Auteur: Nikolaj Nielsen

BRUSSELS - Italian police on Wednesday (3 December) uncovered a mafia network in Rome said to have extorted millions of euros from programmes designed to help the city’s most vulnerable.

Thirty-seven people have already been arrested in a scheme that targeted immigrants and the Roma.

“We have identified the criminal organisation that we call Mafia Capitale, which is Roman, without links to other southern Mafias, but uses Mafia methods,” announced Rome’s chief prosecutor.

The scam has reached the highest echelons of local government.

Italian news agency Ansa reports Rome’s former centre-right mayor Gianni Alemanno is among the 100 or so under investigation.

Alemanno, who was Rome’s mayor until June last year, allegedly received some €40,000 in kick-backs from a mob group spearheaded by Massimo Carminati, a former member of the far-right terror group NAR

Alemanno denies any wrongdoing.

But magistrates has so far seized some €200 million in assets in a racket that largely targeted immigrant and refugee reception centres.

The more traditional cash cows of the criminal gang like drugs, waste management, recycling and parks maintenance, were no longer seen as profitable.

"Do you have any idea how much I make on these immigrants?," Carminati’s second-in-command, Salvatore Buzzi, was overhead saying in a 2013 wire-tapped recording.

"We closed this year with a turnover of €40 million but...our profits all came from the gypsies (Roma people), on the housing emergency and on the immigrants," he says.

"Drug trafficking is not as profitable,” he said, adding that they didn’t make any money in other sectors.

Ansa reports a cabinet secretary under the former center-left mayor Walter Veltroni coordinated the immigration scheme with the mob group.

The probe doesn’t end there.

According to the Independent newspaper, Rome’s very own anti-corruption tsar, Italo Walter Politano, may have also been implicated.

Rome’s current centre-left mayor Ignazio Marino had appointed Politano to the post.

Italy accommodation standards plummet

Accommodation standards for asylum seekers in Italy has steadily worsened over the recent years, according to a special commission in the Italian senate for protection and promotion of human rights.

“In Italy from 2011 a progressive deterioration of the accommodation standards for asylum seekers has been registered, which has worsened since 2012 and 2013,” it noted last year.

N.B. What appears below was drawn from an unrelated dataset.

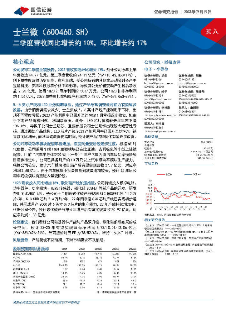 国信证券:士兰微(600460)-二季度营收同比增长约10%,环比增长约17%.pdf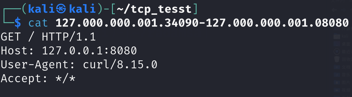 这时候,tcpflow终端会显示捕获到的流量,当前目录会生成一个127.000.000.001.53554-127.000.000.001.08080 的文件(文件名可能不同,取决于客户端端口),该文件就是包含正常 HTTP 请求的原始样本。

The conditions are so bad that administrative courts in Germany have suspended transfers to Italy “owing notably to the risk of homelessness and a life below minimum subsistence standards,” according to a report by the Commissioner for Human Rights of the Council of Europe.

Italy, for its part, also has no structural legislation on reception conditions and no uniform reception system.

Some 28,000 first instance asylum applicants were made in Italy last year.

The latest spate of mafia revelations comes on the heel of an annual corruption perception index report by Transparency International.

Among the EU countries, Italy ranks last and on par with Greece, Romania and Bulgaria.